Il y a une prise de conscience par la collectivité du travail qu’effectuent ces soignants. Pour ces équipes, habituées à une culture de discrétion, voire de secret, la mise à nu de leur service leur a conféré une sorte de reconnaissance. Dans les pratiques au sein du service, on observe, du fait de la crise Covid, un alourdissement du travail administratif: les protocoles attestant que les règles sanitaires en vigueur sont bien respectées se sont multipliés, ainsi que les impératifs d’aseptisation, qui prennent du temps. S’habiller, se ganter, se masquer, c’est chronophage. La crise sanitaire a donc débouché sur un double alourdissement de la charge de travail.

Indépendamment de la crise Covid, la charge administrative qui pèse sur le personnel soignant va-t-elle croissant?

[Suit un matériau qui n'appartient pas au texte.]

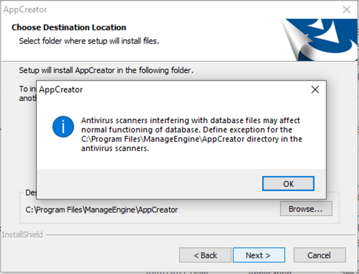- You'll be prompted to define exceptions for the ManageEngine AppCreator directory from the antivirus scanners.
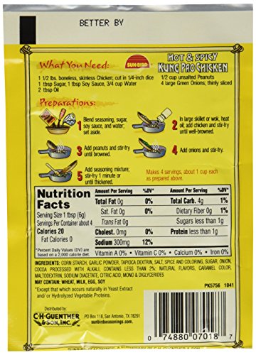 Sun-Bird HOT & SPICY KUNG PAO CHICKEN Asian Seasoning Mix, .87oz (4-pack)
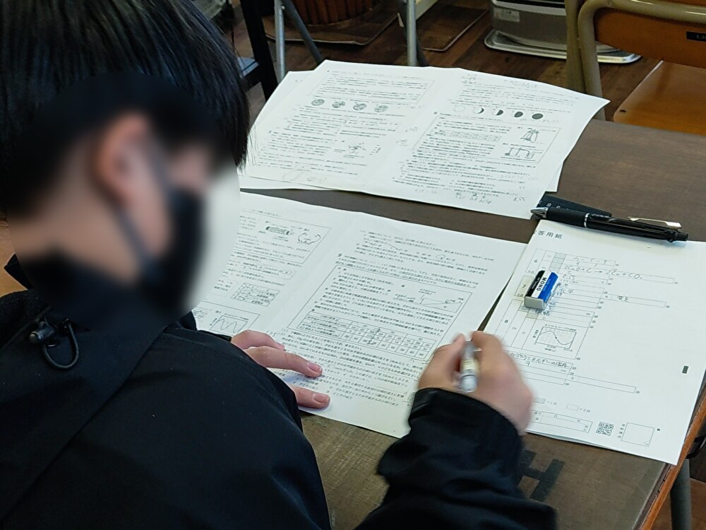 ご自身で県立入試の過去問を購入している方も多く、直近5年分は大部分の方がすでに学習しているため、塾の方ではそれよりも古いものをご準備して演習してもらっています。
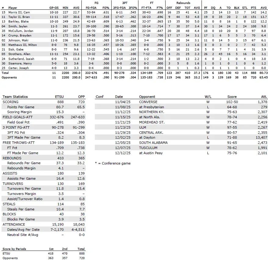 ETSU season statistics
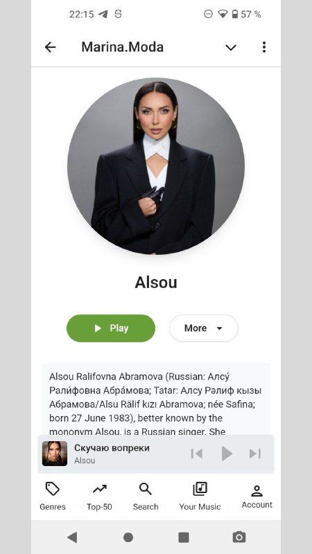Marina.Moda — это не просто модный бренд, а проект, который объединяет инновации и современные технологии для создания уникальных решений в области моды в музыке и в музыкальной индустрии в целом.
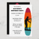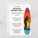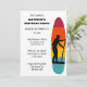 Estes convites de festas de temas de embarque são fáceis de personalizar com os detalhes do seu partido. Eles são perfeitos para jogar festas para os carteiros ou para outros eventos especiais. Eles apresentam uma ilustração de um SUP ou de um conselho de rebordo retratado em cores vibrantes do pôr do sol com uma ilustração da silhueta a preto de alguém que se embarca de pá. O gráfico é colocado sobre um fundo branco com todos os detalhes do seu partido em letras negras. O verso tem um gráfico correspondente a um fundo preto.
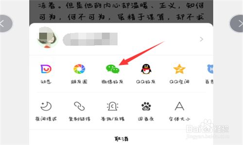 到了文章的阅读界面之后,我们看到右上角的三个点点,点击它,会有分享的选项,选中分享功能按钮。
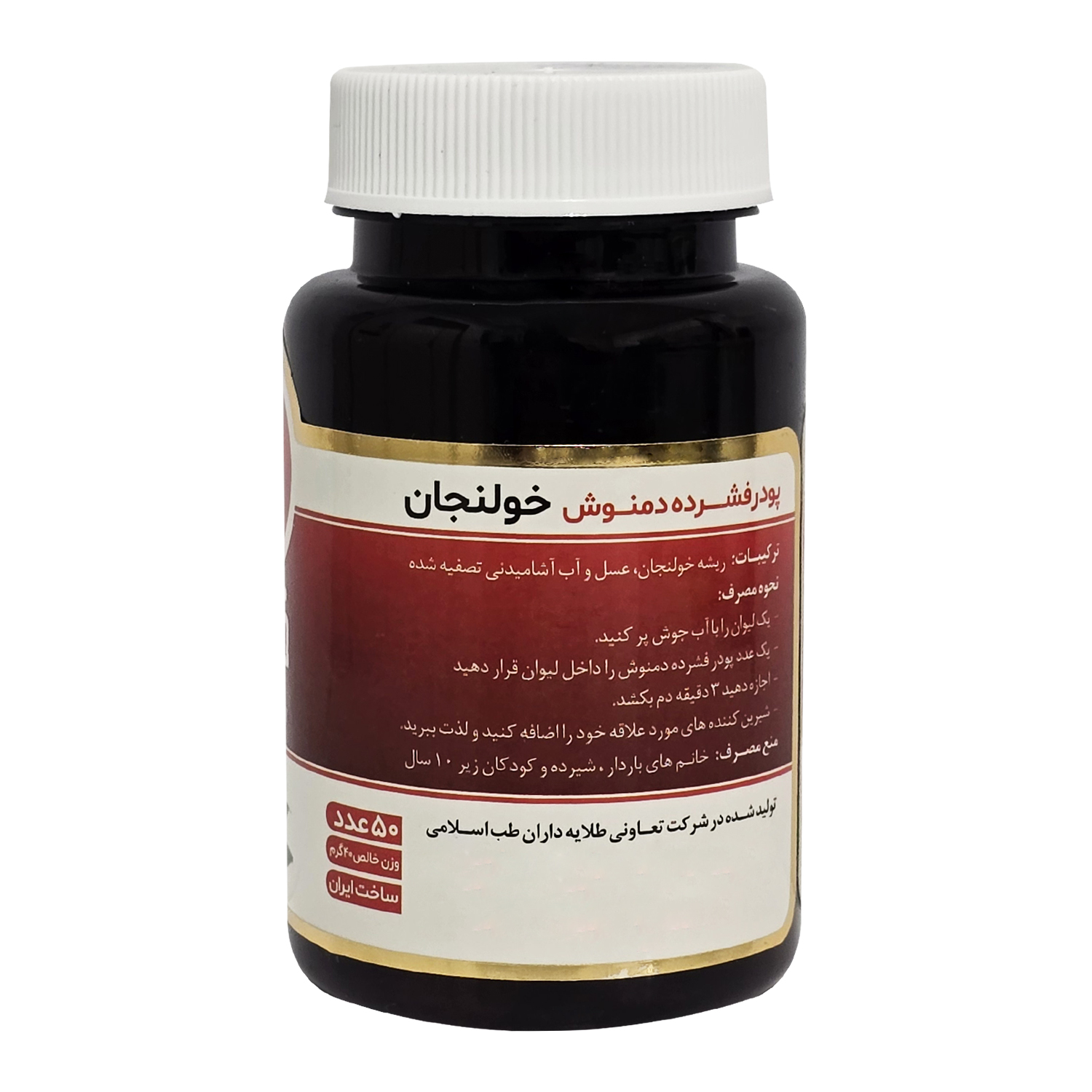 • نکته: قبل از نوشیدن، دمنوش فشرده خولنجان را هم بزنید تا عصاره و عسل موجود در آن کاملاً در آب حل شود.
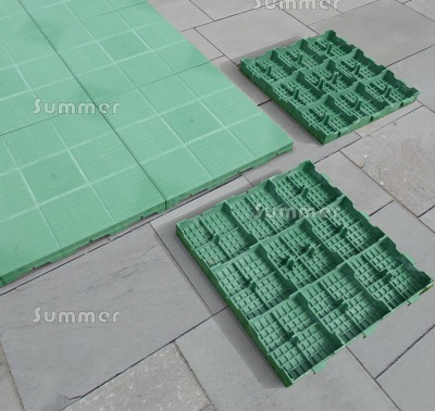 PICTURE: An eco-paving base, viewed from above, with two extra tiles upside down to show the underside.
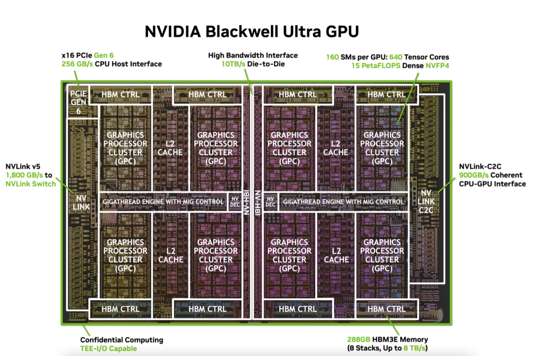 NV-HBI(High Bandwidth Interface) 10TB/s Die-to-Die B300 实际上是将两个芯片直接封装在一起,相对于后续通过 NVLink 串联显卡,可以获得更高的传输速度,甚至高于 HBM 显存带宽。这意味左边的 GPC 访问右边的显存,和访问左边的显存一样快(NUMA 透明),开发者不需要为此重写代码。
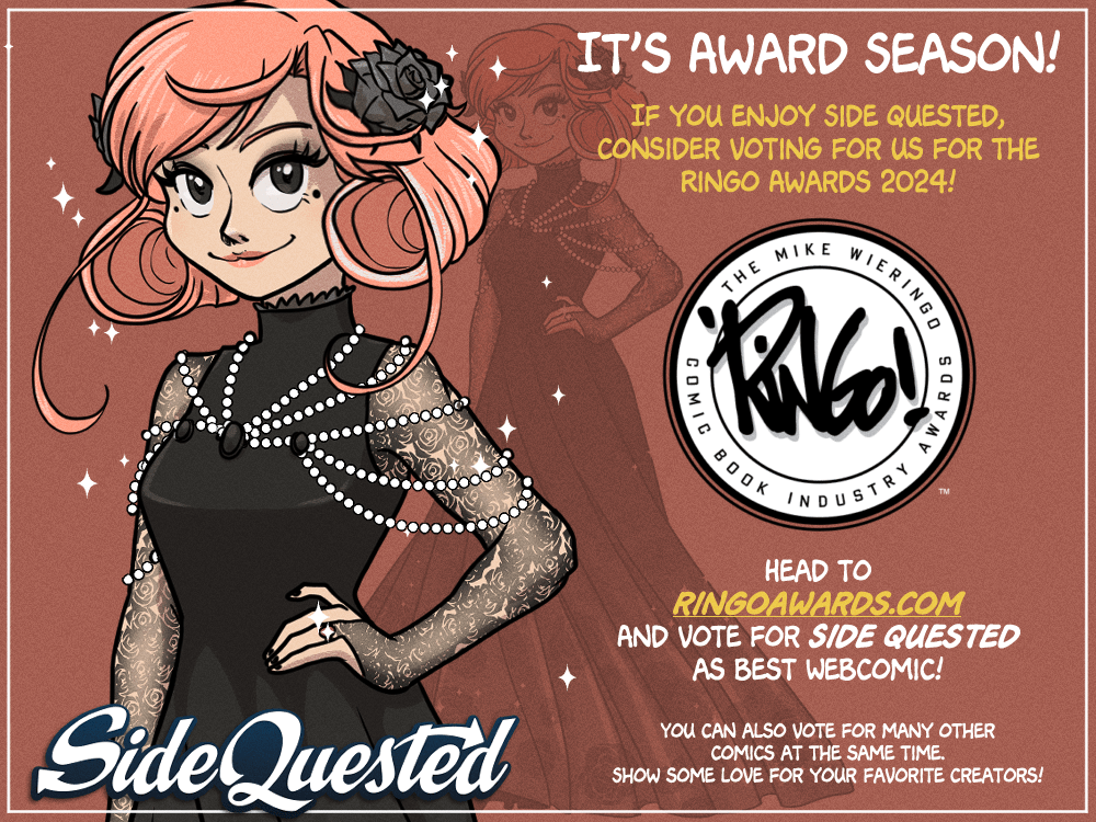 So, if you have about 3 minutes free of your time, please consider nominating Side Quested as best Webcomic for the Ringo Awards!
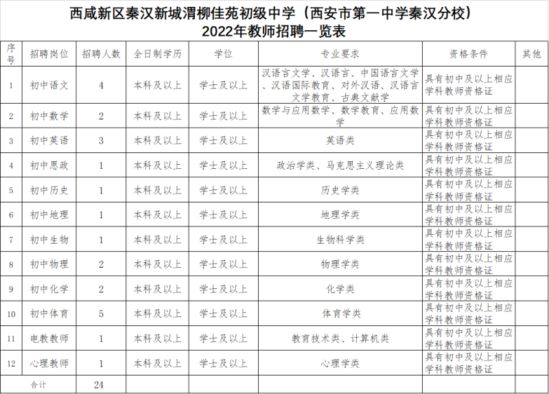 通过西咸新区秦汉新城渭柳佳苑初级中学微信公众号(渭柳中学)发布招聘公告,公告期不少于7日。
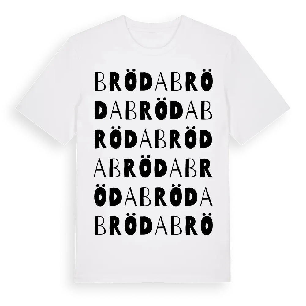 Bröda ordlek t-shirt är inspirerad av byn Bröda i Hallands län, Sverige. Tröjan är designad för dig som har en speciell koppling till platsen – oavsett om du bor här, har rötterna här eller bara älskar Bröda.
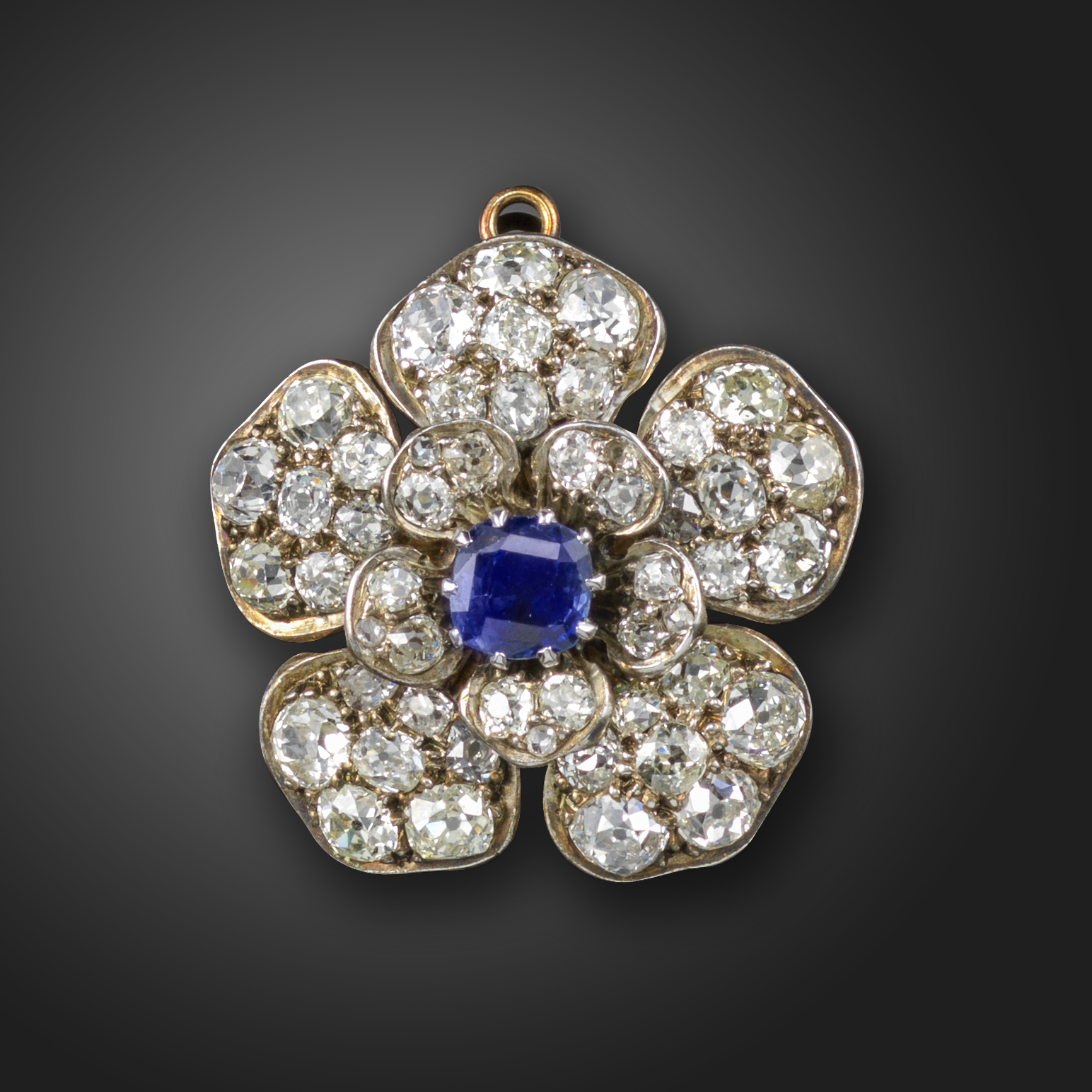 A Victorian sapphire and diamond flowerhead brooch pendant

Oui. Et cela fragilise le rapport des soignants à leur travail. Ils disent qu’ils passent plus de temps à faire de l’administration que du soin, auprès des patients et des familles. Une infirmière m’a dit: « Je n’ai pas choisi ce travail pour être secrétaire. » Les toilettes sur un patient sont beaucoup plus rapides qu’avant, par exemple, plus succinctes, à cause de la lourdeur administrative. L’informatisation a aussi un effet pesant sur le personnel. Par exemple, on informatise les armoires qui renferment les médicaments les plus toxiques. Fort bien. Mais quid en cas de panne informatique? Le personnel doit aussi remplir de plus en plus de fiches pour commander les produits à la pharmacie centrale. Mais le temps de remplir la fiche sur écran et de passer la commande, on serait allé plus vite en se rendant à la pharmacie centrale avec juste une prescription. C’est une urgence perdue. Il y a là de petites absurdités qui ont des effets non recherchés ou inattendus. On se retrouve avec des stratégies absurdes, y compris dans ces services de pointe où se jouent des questions de vie et de mort. L’idée de départ est certes d’améliorer les procédures mais c’est le contraire qui se passe. Alors, les soignants en viennent à réaménager ou contrecarrer ces stratégies. On leur donne des outils inadaptés? Ils apprennent à les détourner pour les rendre plus pratiques et les améliorer. Dans certains protocoles de soins, par exemple, ils modifient l’ordre des étapes. Ou ils font appel à un collègue pour procéder à tel acte, alors que ce n’est pas prévu. Il arrive que la direction soit informée de l’inadaptation d’un outil, mais ce n’est pas une généralité. Le plus souvent, cela reste caché au sein du service, et appliqué jusqu’à ce qu’un cadre de santé le découvre. Les soignants sont souvent inquiets qu’on leur interdise la pratique qu’ils ont repensée eux-mêmes ou qu’on leur impose un nouveau protocole auquel ils devront se réadapter.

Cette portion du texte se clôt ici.